#### Data listing:
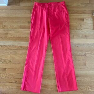 The Royal Standard Red and Tan Canvas Juco Tote. Red greek key pattern. Dual rope-like handles. One section interior with side zipper pocket. Excellent pre-owned condition. Some darker woven threads, but appears to be part of the fabric. One spot on the handles. See the last picture.
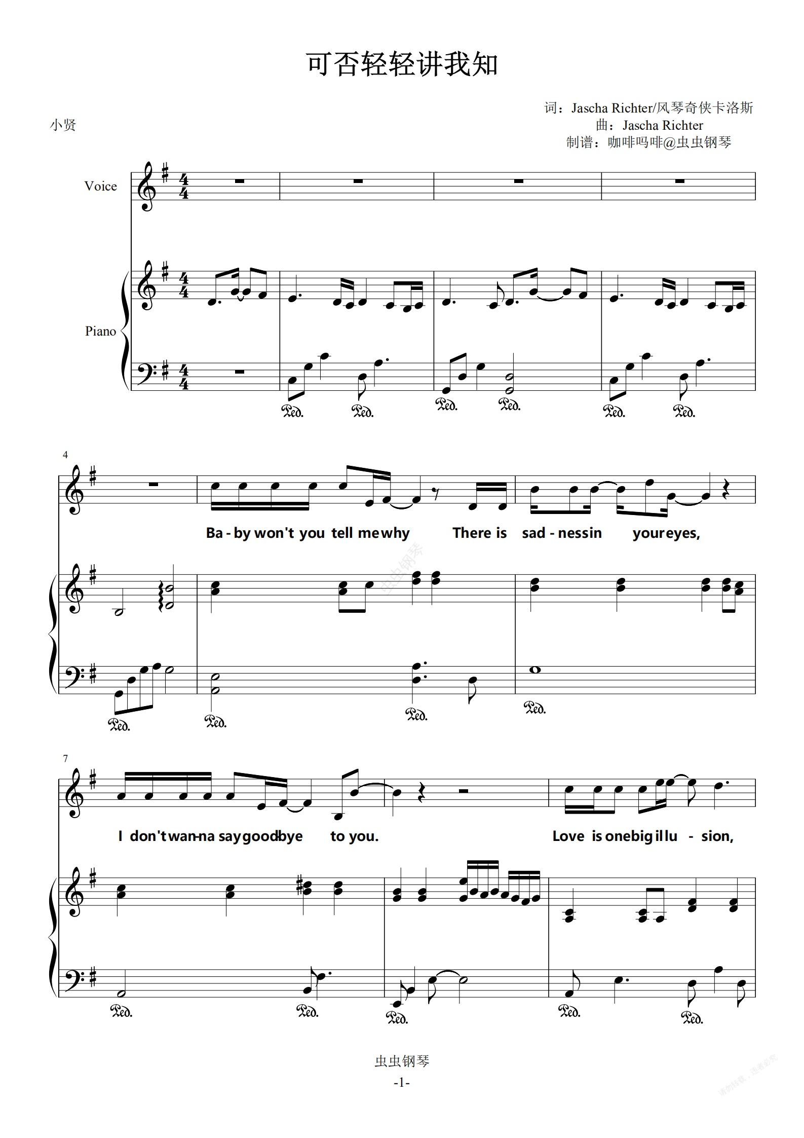 钢琴谱:可否轻轻讲我知-小贤G调弹唱谱
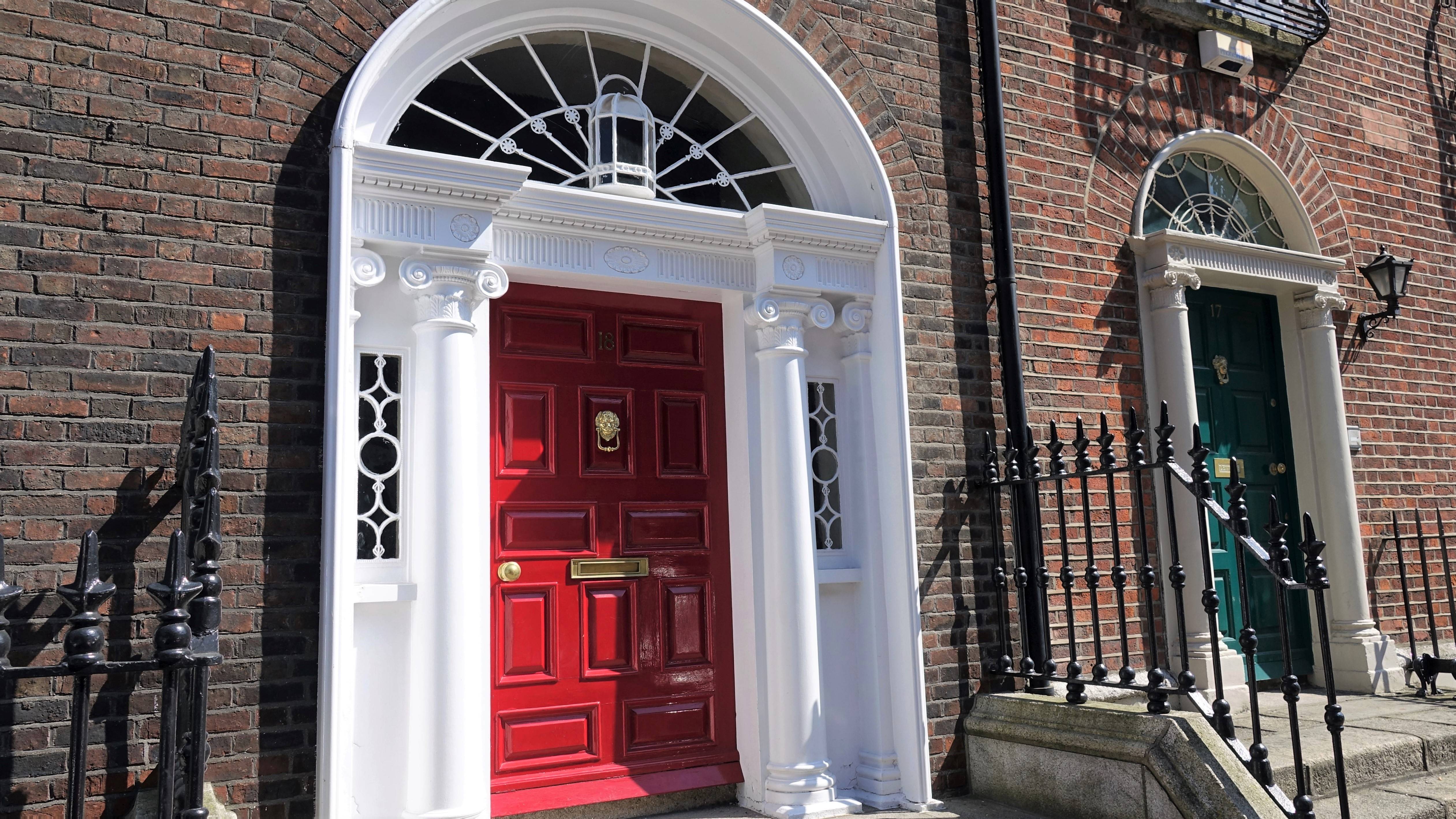 Wir biegen nach rechts in Richtung „St. Stephen’s Green“ ab. Hier gibt es einige Häuser im typischen georgianischen Stil mit sehr schönen und farbenprächtigen Türen.
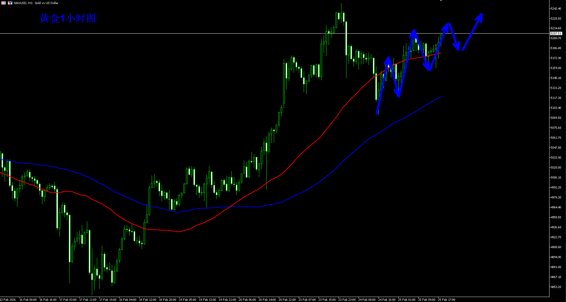 从黄金 30 分钟 K 线图来看,价格在前期冲高至 5250 附近后进入回调,目前围绕 5190.80 这一关键水平展开争夺。这一位置既是前期震荡区间的上沿,也是多空双方的心理分水岭:
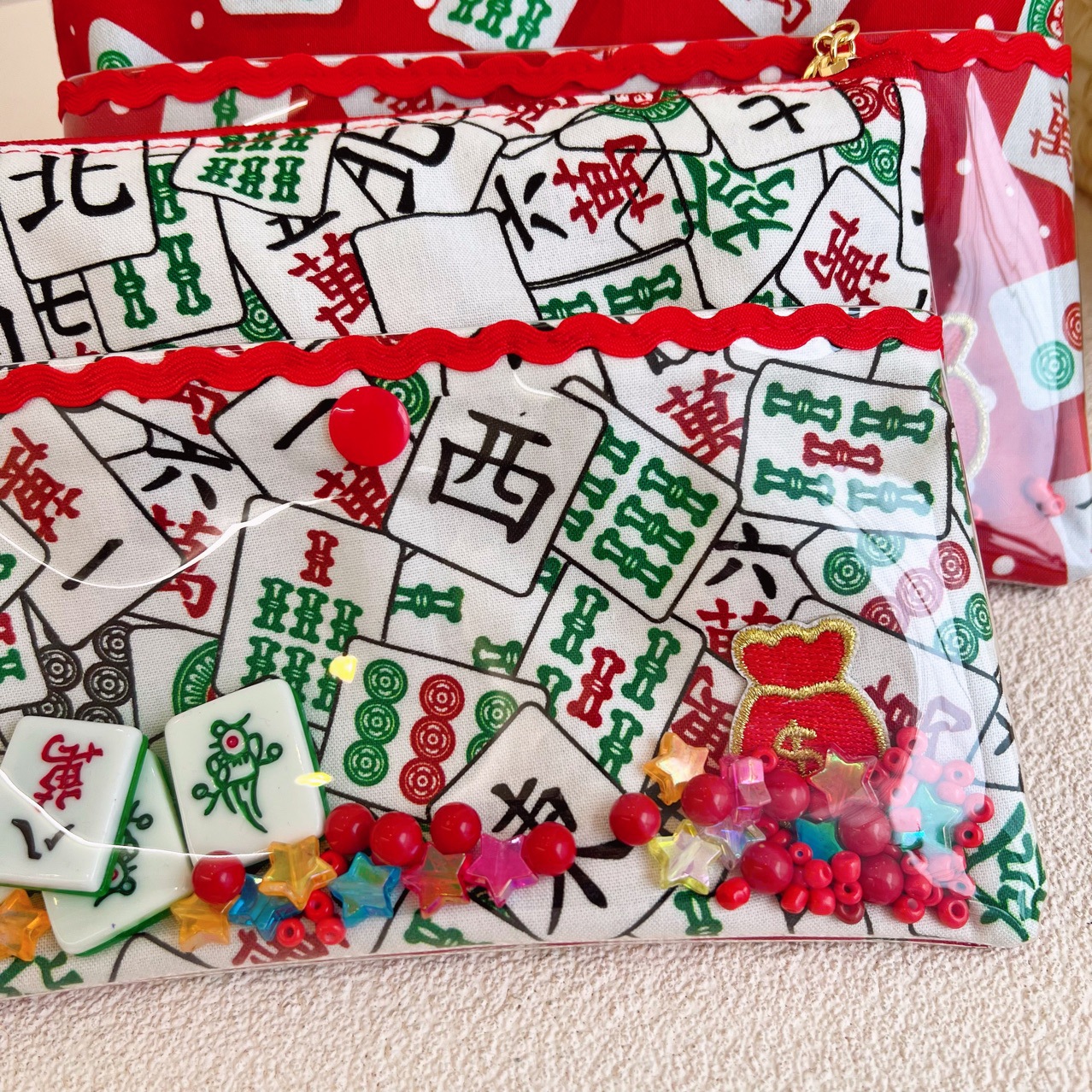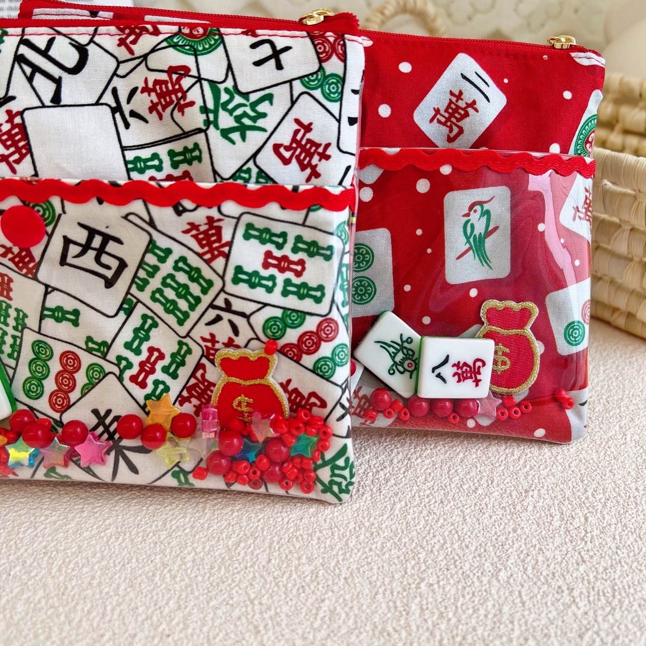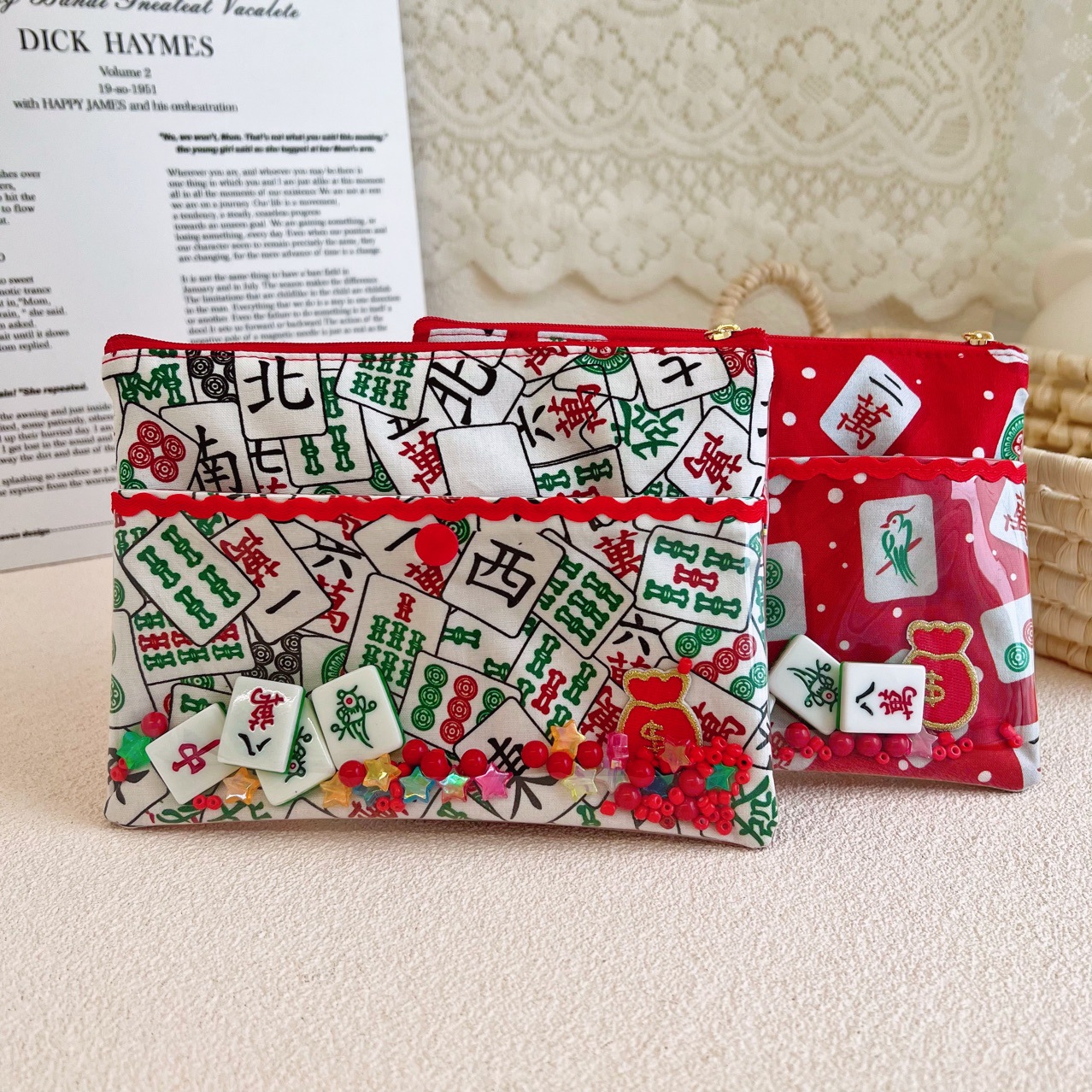 麻将印花棉布双层透明TPU流沙化妆包手机零钱包便携手包工厂批发

#### Task requirements:
Lines from the one that contains "从黄金 30 分钟 K" to the final line of the material are the whole answer. Reproduce them word for word and skip the pictures.

#### Answer:
 从黄金 30 分钟 K 线图来看,价格在前期冲高至 5250 附近后进入回调,目前围绕 5190.80 这一关键水平展开争夺。这一位置既是前期震荡区间的上沿,也是多空双方的心理分水岭:
 麻将印花棉布双层透明TPU流沙化妆包手机零钱包便携手包工厂批发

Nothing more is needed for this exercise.